Autophagy, a physiological process of self-conservation, is initiated upon inhibition of mammalian target of rapamycin (mTOR), a negative regulator of autophagy [33]. This is followed by nucleation, which involves the Beclin-1 (Atg-6) complex, and auto-phagosome formation is completed by the ligation of LC3 (Atg-8) to phosphatidyl-ethanolamine, resulting in autophagy hallmark aggregates of LC3-II [38]. Mincle-deficient neutrophils exhibited an impaired activation of autophagy in response to PMA stimulation, as indicated by reduced levels of LC3-II. This defect in autophagy and NET formation was reversed by treatment with tamoxifen, but not rapamycin, which activates autophagy at the initiation step by inhibiting mTOR [30]. Although the precise molecular target of tamoxifen in the autophagy pathway is not defined, it has been shown to increase intracellular ceramide levels [39], which in turn, regulate autophagy at multiple levels [40]. Our observation of tamoxifen-mediated rescue of NET formation in Mincle^-/- neutrophils correlating with increased processing of LC3, which could not be accomplished by rapamycin treatment, suggests that Mincle and tamoxifen regulate autophagy at the level of autophagosome formation. This is further supported by our results in a physiologically relevant setting of pneumonic KPn infection where the impact of Mincle deficiency on LC3 processing was found to be much more pronounced than its effect on Beclin-1. Defective LC3 processing in the absence of Mincle indicates that this receptor controls a critical point in autophagosome formation during pneumonic KPn infection, which is crucial for NET formation. Interestingly, in a recent elegant study, tamoxifen was shown to induce NET formation as an off-target effect, although autophagy activation was not assessed in this study [41]. Our studies posit Mincle mediated autophagy and NET formation, as well as tamoxifen, as attractive targets to correct autophagy and NET formation defects in a variety of disease conditions.

Information on Mincle signaling in neutrophils and its role in neutrophil-mediated responses is extremely limited. In contrast with the reports in macrophages (reviewed in [42]), we observed an increased phosphorylated Syk and CARD-9 in Mincle^-/- neutrophils stimulated with PMA (Supplementary Figure 2). Further, CARD-9 knockdown did not affect the NET formation in WT neutrophils upon PMA stimulation.
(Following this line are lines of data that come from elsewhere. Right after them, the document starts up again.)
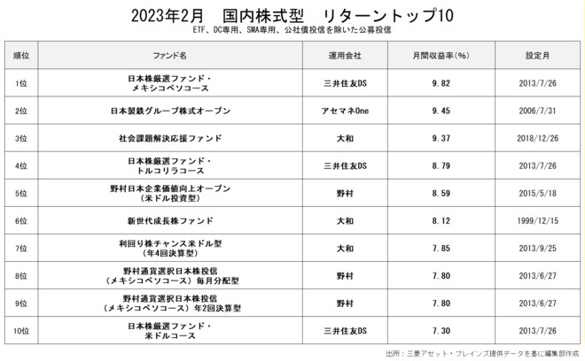 2月のリターン1位は「日本株厳選ファンド・メキシコペソコース」(9.82%)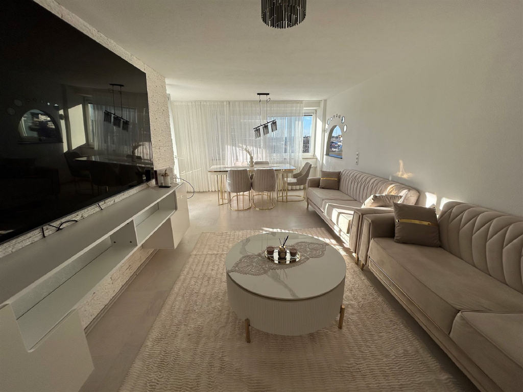 Der große Wohn- und Essbereich ist lichtdurchflutet und das Herzstück der Wohnung. Von hier aus hat man direkten Zugang zum Balkon mit einen schönen Blick. Hier kann man die Ruhe genießen und den Tag ausklingen lassen.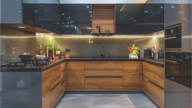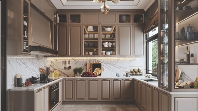 The U-shaped kitchen is synonymous with efficiency and organization. With its three-sided design, this layout offers abundant storage, counter space and room for appliances, creating a well-defined work triangle. Whether you’re preparing elaborate meals or tackling everyday cooking, the U-shaped kitchen ensures that everything you need is within easy reach. Its versatility allows for creative customisation, including built-in shelves, open cabinetry and smart lighting solutions, catering to both functional and aesthetic desires.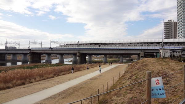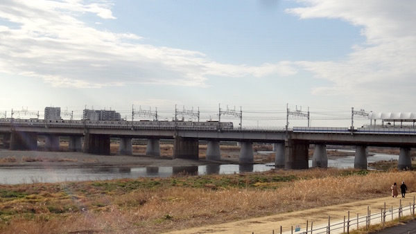 右手をみると東急田園都市線の列車が多摩川を渡っている。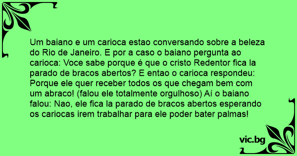 Um baiano e um carioca estao conversando sobre a beleza do Rio de Janeiro. E por a caso o baiano pergunta ao carioca: Voce sabe porque é que o cristo Redentor fiса la parado de bracos abertos? E entao o carioca respondeu: Porque ele quer receber todos os que chegam bem com um abraco! (falou ele totalmente orgulhoso) Aí o baiano falou: Nao, ele fiса la parado de bracos abertos esperando os cariocas irem trabalhar para ele poder bater palmas!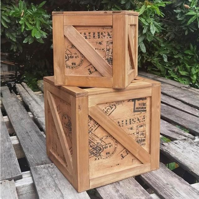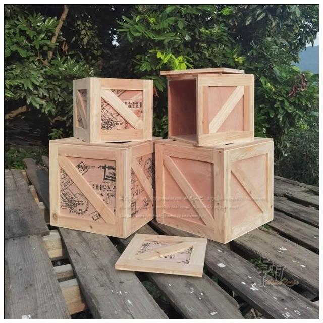復古工業風木箱正方形收納箱木製有蓋裝飾儲物展示箱可坐人陳列箱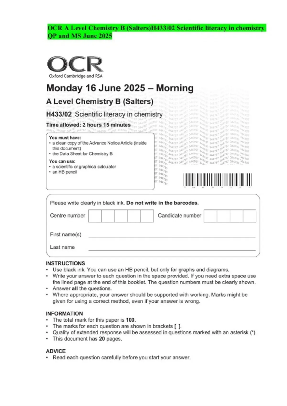 OCR A Level Chemistry B (Salters)H433/02 Scientific literacy in chemistry QP and MS June 2025
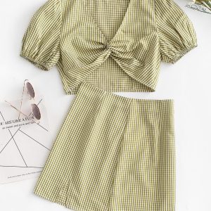 ZAFUL Gingham Puff Sleeve Front Twist Two Piece Skirt Set S Light green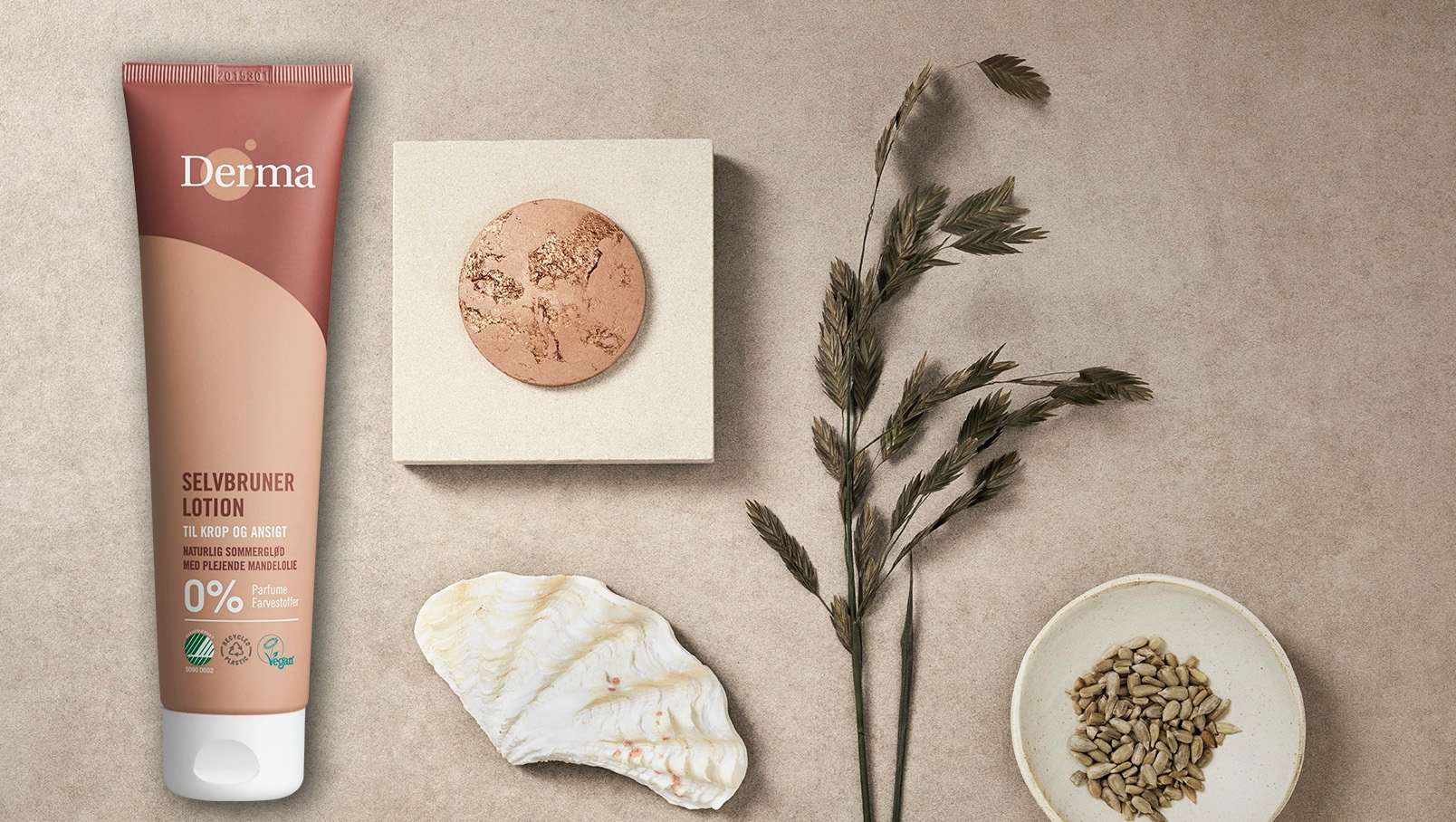 Det perfekte sæt til at sætte lidt kulør på den mørke vintertid. Den lækre svanemærkede Selvbrunerlotion fra Derma (99 kr.) giver huden en naturlig, smuk og sund solbrun farve, samtidig med, at den med fugtgivende mandelolie, shea butter og glycerin efterlader huden blød, smidig og velplejet.
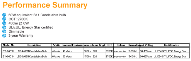 LED B11 6W Candelabra Bulbs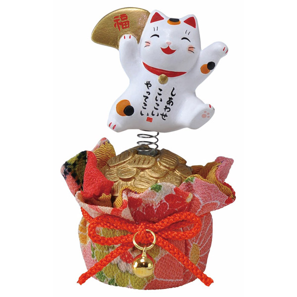 Maneki Neko แมวกวักสปริงถือพัดกองทอง ประดับด้วยผ้ากิโมโน 9.5 cm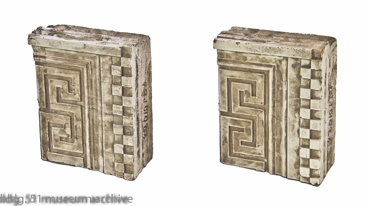 matching set of original interior neoclassical style terra cotta blocks salvaged from the railway exchange building atrium during restoration. the greek key and checkered border were motifs used on both the building’s exterior and interior. courtesy of the bldg. 51 artifact museum.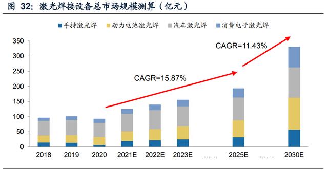 通過對低端制造以及高端制造各細分領域的市場規模測算,認為到2025年,激光焊 接設備市場規模可以達到192.01億元,2030年達到329.86億元。2020至2025年, 市場規模復合增速為15.87%;2025-2030年,增速為11.43%。對照Ofweek提供的 2020年以前市場規模數據,我們的測算與其差額均在10億元以內,測算結果較為可 靠穩健,具有一定現實依據。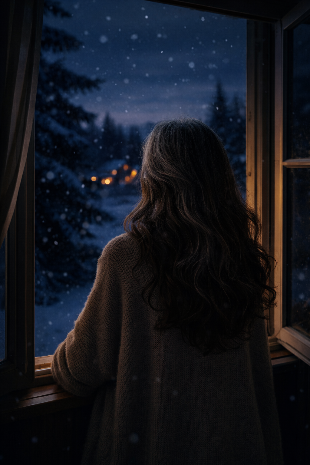 I stand quietly by the open window, white flakes float weightlessly, softly, silently, they dance in the air.

Similarly, Mincle deficiency did not affect phosphorylation of p38 or ERK in PMA-stimulated neutrophils. Because Syk and MAP kinase are reported to regulate ROS generation [43–45], in light of our observation that ROS generation is not defective in Mincle^-/- neutrophils, it is likely that Syk and MAP kinase activation is involved in PMA-induced ROS generation and that signals distinct from ROS production are required to overcome the defect in NET formation consequent to Mincle deficiency. An impaired NET formation despite the presence of ROS in Mincle^-/- neutrophils strongly supports a pivotal role of Mincle-mediated autophagy in driving the NET formation.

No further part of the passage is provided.